Going forward, we should be scouting for a recovery in the labour markets to support aggregate household incomes. Positive global job growth during 2012 will be crucial for a sustainable recovery in consumer spending and by that recovery of the entire global economy.
The Asian region clearly continues to drive the global recovery, but at the same time, no country or region is an island. This means that if strains in the Eurozone worsen further and/or the US fails to re-ignite GDP-growth, Asia would be negatively impacted via trade as well as via the financial sector.
By mid-November the price that banks pay each other to convert Euro payments into Dollars, reached the highest level since December 2008. While the cost of dollar funding is increasing as Europe’s debt crisis escalates, it also spells out bad news for ship finance, as the large European (shipping) banks make use of converting currency when lending out to ship owners.
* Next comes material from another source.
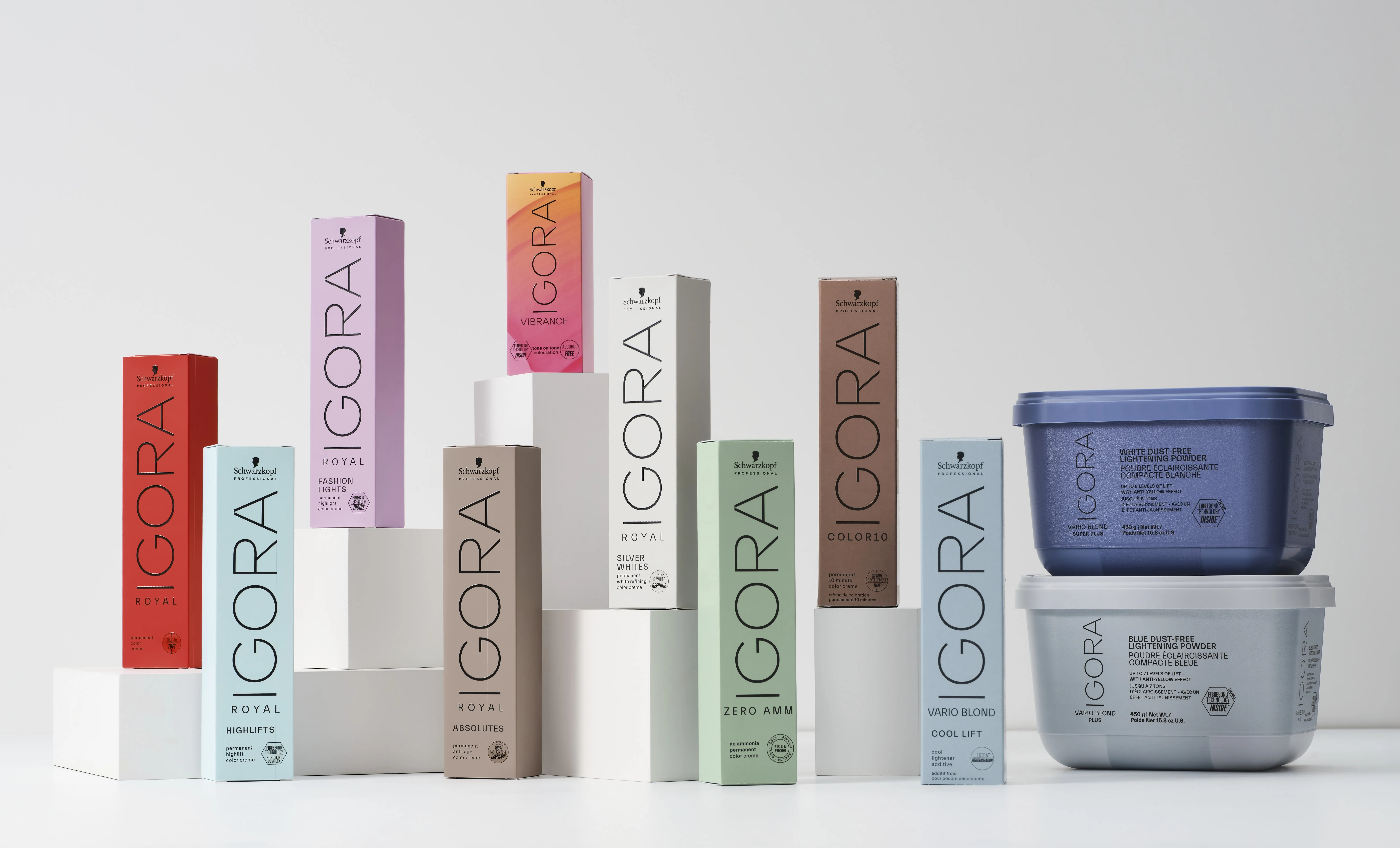 Dalla linea Igora Royal derivano prodotti come Vario Blond, perfetto per ottenere tonalità biondo fredde, e Highlifts, che creano sfumature extra chiare e luminose.

But tough as the ship finance market appears, the total global lending portfolio remains as large as one year ago – indication that money is still around to finance our industry. Offsetting the above challenges to some extent was the co-ordinated action from six global central banks to lower borrowing costs. The move had an immediate effect on the loan markets, making it cheaper for banks and borrowers to access funding and reassuring the market that liquidity is available.
Global GDP growth is likely to stay flat at 4% in 2011 and 2012; world trade in goods is forecast by the IMF to settle at 5.4% in 2012, coming down from 8.8% in 2011.